Assuming you're passing a contiguously allocated array, you can pass a pointer to the first element (&a[0][0]) along with the dimension sizes, and then treat it as a 1-D array, mapping indices like so:
void foo( int *a, size_t rows, size_t cols )
{
size_t i, j;
for (i = 0; i < rows; i++)
{
for (j = 0; j < cols; j++)
{
a[i * rows + j] = some_value();
}
}
}
int main( void )
{
int arr[10][20];
foo( &arr[0][0], 10, 20 );
...
return 0;
}
This will work for arrays allocated on the stack:
T a[M][N];
and for dynamically allocated arrays of the form:
T (*ap)[N] = malloc( M * sizeof *ap );
since both will have contiguously allocated rows.
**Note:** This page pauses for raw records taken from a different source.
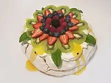 Pavlova is a meringue-based dessert. Originating in either Australia or New Zealand in the early 20th century, it was named after the Russian ballerina Anna Pavlova.[1] Taking the form of a cake-like circular block of baked meringue, pavlova has a crisp crust and soft, light inside. The confection is usually topped with fruit and whipped cream.[2] The name is commonly pronounced /pævˈlvə/ pav-LOH-və or (in North America) /pɑːvˈlvə/ pahv-LOH-və, and occasionally closer to the name of the dancer, as /ˈpɑːvləvə/ PAHV-lə-və.[3][4][5]
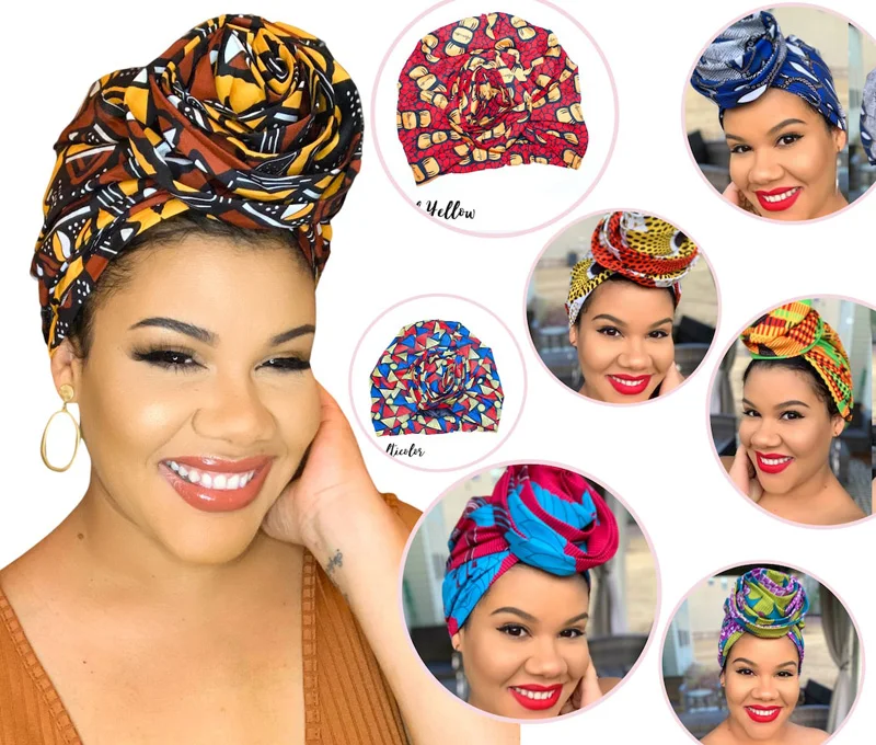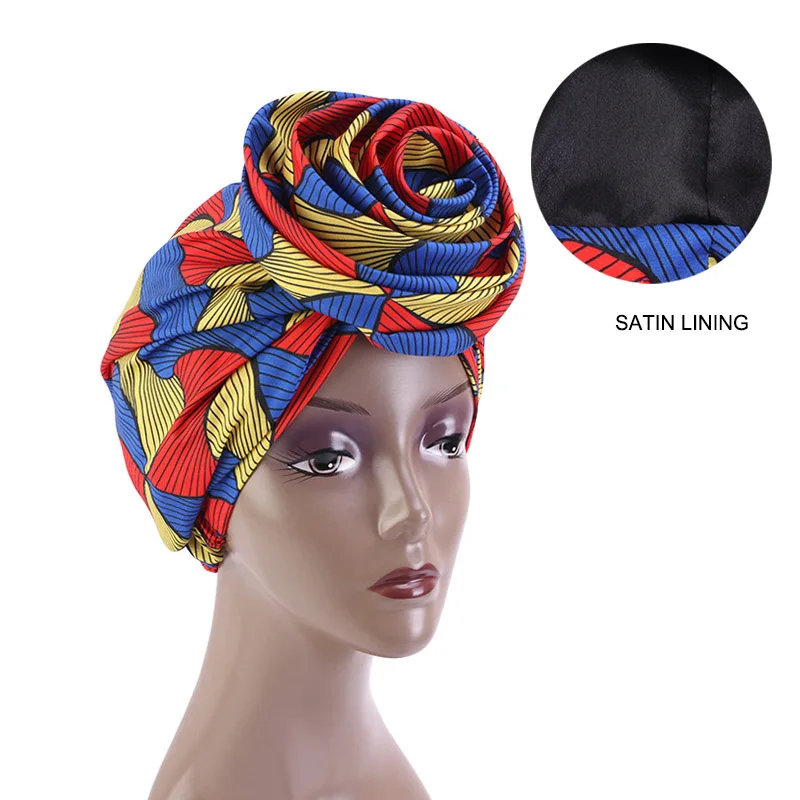 African Print Stretch Bandana Head Wrap Long Scarf satin Floral Ankara Dashiki Women Party Turban Headwear Cap Hair Accessories
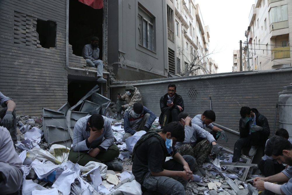 3月15日,在伊朗首都德黑兰的一处遇袭居民区,人们坐在一处建筑废墟上。新华社记者 沙达提 摄
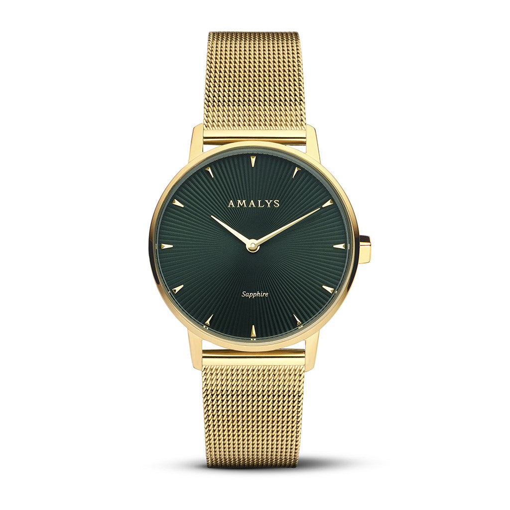 The Amalys 'Odette' AMW-173 combines refined minimalism with contemporary elegance. Its striking emerald green dial commands attention while maintaining understated sophistication, complemented by clean stick indices that enhance legibility. The gold-plated mesh strap delivers a luxurious feel with practical versatility—equally at home in professional or casual settings. Powered by reliable Seiko movement, this timepiece balances aesthetic refinement with dependable performance. A distinctive accessory for those who appreciate modern design with timeless appeal.
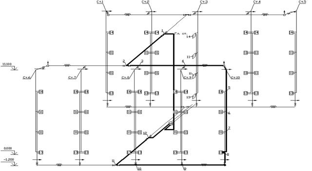 2. Нумеруем стоянки (Ст.1, Ст.2 и т.д.). Вычисляем тепловые нагрузки на стояки системы отопления и выбираем расчётный стояк. Определяем тепловую нагрузку по стоякам и заносим в табл. 3.2.

This will not work (or at least, not be guaranteed to work) for dynamically allocated arrays of the form:
T **ap = malloc( M * sizeof *ap );
if (ap)
{
size_t i;
for (i = 0; i < M; i++)
{
ap[i] = malloc( N * sizeof *ap[i] );
}
}
since it's not guaranteed that all the rows will be allocated contiguously to each other.
This is a sort of comment to the good answer of #John Bode
This will not work (or at least, not be guaranteed to work) for
dynamically allocated arrays of the form:
But this variant will:
T **ap = malloc( M * sizeof *ap );
if (ap) return NULL; ---> some error atention
if (ap)
{
ap[0] = malloc( M * N * sizeof *ap[i] );
if (ap[0]) { free(ap); return NULL;} ---> some error atention
size_t i;
for (i = 1; i < M; i++)
{
ap[i] = ap[0] + i * N;
}
}
After use :
free(ap[0]);
free(ap);
for T being int you call foo exactly als for the array int ap[M][N];
foo( &ap[0][0], M, N);
since you guaranteed that all the rows are allocated contiguously to each other.
This allocation is a litter more efficient.
John Bode's explanation is very good, but there is a little mistake:
it should be
i * cols + j
instead of
i * rows + j
If you really want references, then it's only in C++.
En example of a two-dimensional int array passed by reference
void function_taking_an_array(int**& multi_dim_array);
But the reference doesn't have any advantage, so simply use :
void function_taking_an_array(int** multi_dim_array);
I would advice you to use a container to hold your array.